Since his very childhood Gabriel - a well-defined artistic temper - felt that he would have to live by himself, in order to let his great creativity unfurl. As early as 1912, the year he turned twenty, he started building a house, next to his own family's place: small, with a low roof and only three rooms - a living room, a bedroom and a storage room for odds and ends. Little by little, as he would get hold of the necessary materials, he built his wattle and daub house, having also used stones on the floor and some walls.

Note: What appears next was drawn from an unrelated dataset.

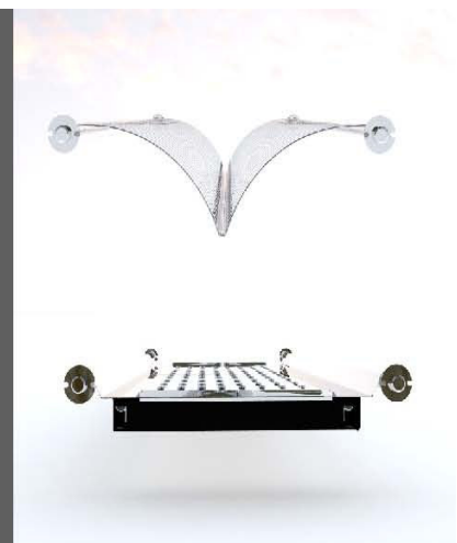
[** internomobile ] [interasse ]

Being a dreamer, he foresaw in his sleep, in 1923, an ornament that embellished his house. What should he do? Give up the dream, ban from his memory such a beautiful vision brought up by his unconscious? How was he to solve the problem of not having the means to buy the materials he needed in order to make that vision come true? At that point an idea popped up in his mind; and so bizarre it was that many of his relatives and neighbors started considering him an eccentric as he took upon himself the task to which he consecrated the 63 years he still had to live: to use the rubbish cast away alongside the little roads of his district, to search those heaps of debris that everybody keeps away from - shards of earthenware, of chinaware, of glass, of wall tiles, of a whole bunch of things considered useless, such as old knick-knacks, spent light bulbs, shells, pebbles, chains, metal lids, terracotta pipes, discarded automobile headlights... Wisely he would remark that he had made a house "out of nothing".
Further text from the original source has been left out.